The writer to the Hebrews - who explains many things about the Israelite wanderings and attitudes in the desert - exhorts us to make sure that we keep looking in the right direction: "Therefore, since we are surrounded by such a great cloud of witnesses, let us throw off everything that hinders and the sin that so easily entangles, and let us run with perseverance the race marked out for us. Let us fix our eyes on Yeshua, the author and perfecter of our faith, who for the joy set before him endured the cross, scorning its shame, and sat down at the right hand of the throne of G-d" (Hebrews 12:1-2, NIV). He reminds us first of all that we are running a race; that is, we have a goal and a target to reach.
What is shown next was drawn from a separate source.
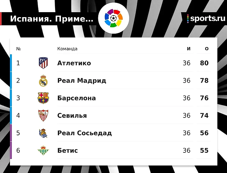 За два матча до конца чемпионата в таблице лидирует «Атлетико», набравший 80 очков. «Реал» отстает от команды Диего Симеоне на два балла, «Барселона» с 76 очками идет третьей.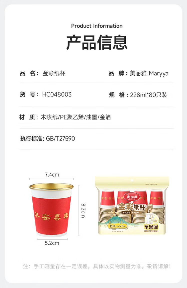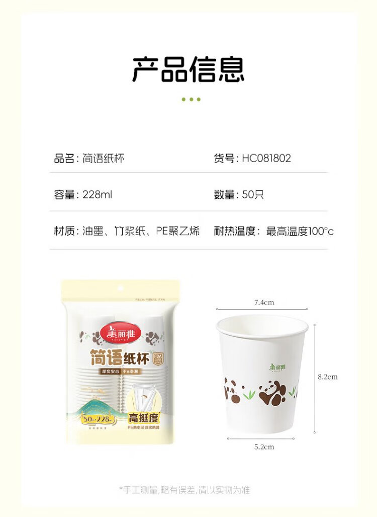 MARYYA disposable cup, household, commercial, office tea cup, trial cup, thick water cup, simple language printed cup, 228ml*50 pieces

That objective is not unknown or unclear; it is clearly marked out along the way that we travel so that we should not get lost or be unaware of where we are going. He explains that we are being constantly watched by a countless number of people; some are those who have gone before us in the faith and are cheering us on towards the finishing line, others are in the world around us, perhaps watching to see what we are doing and what happens to us or, in some cases, jeering and criticising our performance. It is our witness to the latter that may be part of G-d's call on their lives assuring them that if we can do it, they can do it too; they too can run and win the race of life. He also stresses the need for endurance (CJB, ESV, NASB) or perseverance (NIV, NRSV) so that we keep going and do not give up before we reach the end of the race.

Then the key point: "fixing our eyes upon Yeshua"; this is our horizon, our balance point, our reference to the absolute. It is Yeshua that keeps us on track and lines us up, just as He - when on this earth - was centered and focused on the cross. When we are clearly fixed on Him, we know where we are going and we do not stumble for He gives us our line and balance to the end of the road.

Further Study: Isaiah 31:1; Micah 7:7; Titus 2:11-13

Application: If you have lost your way or feel that you are stumbling over innumerable obstacles in your path, lift your eyes to the horizon and get a clear sighting on Yeshua to resynch your HPS (Heavenly Positioning System) receiver today.